When comparing the clinical success rate of POEM in patients with a greater than 2-and 3-year follow-ups, we found that results from the group of treatment naïve patients was superior to the that of the patients who had undergone previous endoscopic or/and surgical interventions. However, an individual study by Nabi et al.24 with 502 patients and a greater than 2-year follow-up did not suggest a higher clinical success rate in treatment-naïve patients. Liu et al.30 reviewed 849 patients and demonstrated a superior 5-year clinical success rate in the treatment naïve cohort. They indicated that follow-up duration correlated with the difference in clinical failure between patients with and without prior treatment. They also found patients who had undergone more than one previous intervention had a higher risk than those with only one previous treatment. This may be attributed to severe inflammation and fibrosis formed by prior treatments. This difference may also be due to a difference in “symptom-reporting threshold” of patients whose symptoms recurred after prior treatments. Given this discrepancy in outcomes, systematic evaluation of long-term outcomes between the two groups is necessary in the future.
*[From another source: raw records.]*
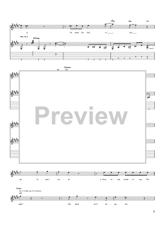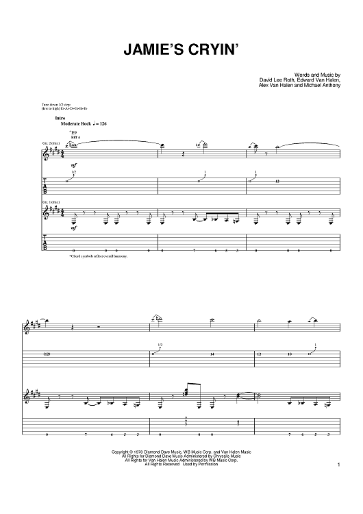 Digital Sheet Music for Jamie's Cryin' by Eddie Van Halen, David Lee Roth, Michael Anthony, Alex Van Halen, Van Halen scored for Easy Guitar Tab; id:396582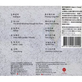 此專輯以活躍於國內外的台灣當代作曲家作品為主,收錄了采風樂坊歷年來在國內外音樂廳所演出的現代音樂作品,透過專輯的錄製,不僅介紹台灣作曲家新創作的音樂風格,也充分傳達作曲家內心所構思的音樂情感;期待此專輯的誕生能為台灣的現代音樂注入一股新的音樂思維與創作理念。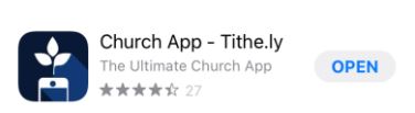 Look for “church app – tithe.ly” in the app store (or android equivalent) & Download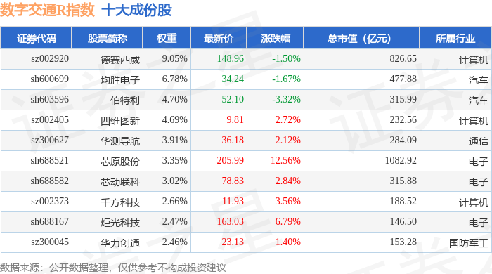 数字交通R(480075)指数十大成份股详情如下: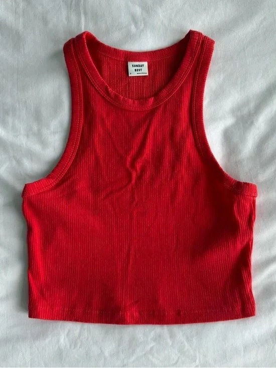 Sunday Best Red Ribbed Cropped Racerback Tank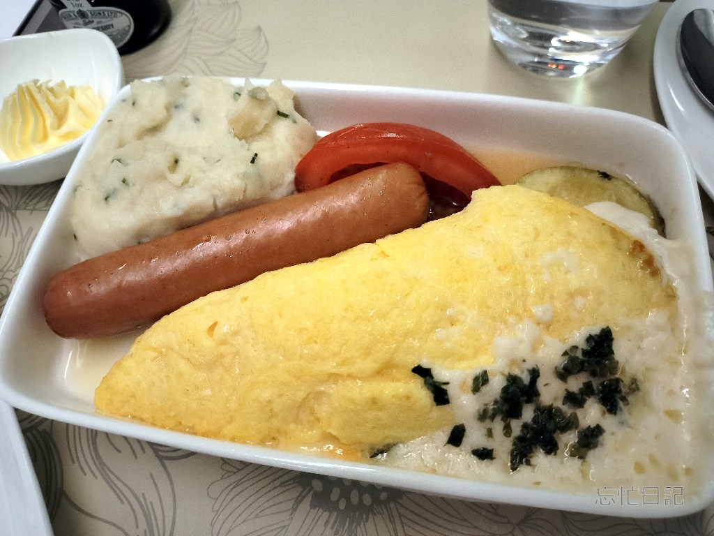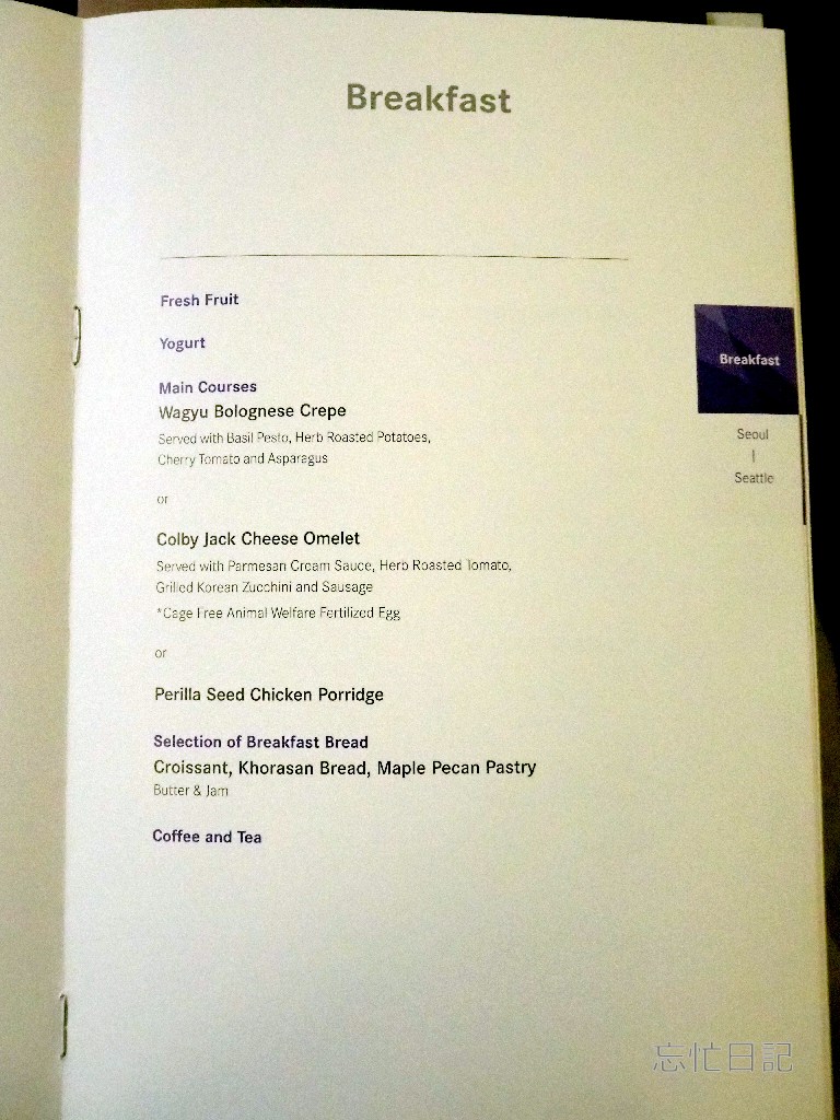 シアトルへの到着は、お昼の12:45ですが2度目の機内食は朝食の扱いでした。内容は、フルーツとヨーグルトに、メインは、和牛ボロネーゼクレープまたはコルビージャック・チーズオムレツ(コルビージャックはチーズの種類)または、ペリラシード・チキン・ポリッジ(エゴマの種入り鶏粥)でした。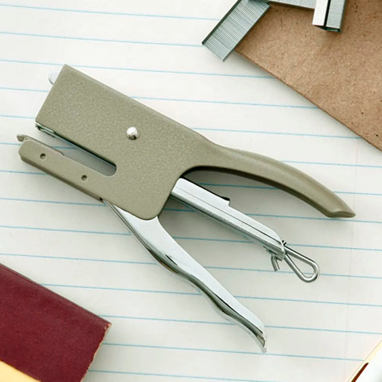 Klassisk hæftemaskine fra japanske, Penco. Brandet blev født og navngivet efter inspiration fra en amerikansk kuglepen – penco – pen company. Penco producerer i dag en vifte af kontorartikler ud fra et ønske om at være med til at dele den fysiske oplevelse – for eksempel duften og følelsen af papir, som var det en gemt skat i en boghandel inde i byen. Penco hæftemaskinen er såkaldt hammermalet – en belægningsproces, der ikke kun får den til at se mere industriel ud, men også forstærker og glatter overfladen.

In our study, the most common adverse events related to the POEM procedure in patients with prior treatments were mucosal injury, bleeding, pneumothorax, and pneumoperitoneum. Theoretically, patients who have undergone surgical or/and endoscopic treatment are more prone to incur adverse events because of inflammation and fibrosis. Nevertheless, in the current study, the adverse event rate was not significantly higher in those who had undergone previous interventions when compared to those without interventions. This may be due to all the POEM procedures being performed by experienced operators in our included studies.30 When evaluating the GERD rate during follow-ups, we found that the incidence of GERD diagnosed via EGD or questionnaires was not significantly different between the two groups (Supplementary Fig. 4). However, our result may be affected by various factors. For example, the GERD measurement results were only available in a minority of the total patients’ number. Additionally, previous fundoplication may have an influence on preventing postoperative reflux. Importantly, there were no procedure-related deaths in any of the included studies. Our study confirmed the safety of POEM for patients with previous interventions.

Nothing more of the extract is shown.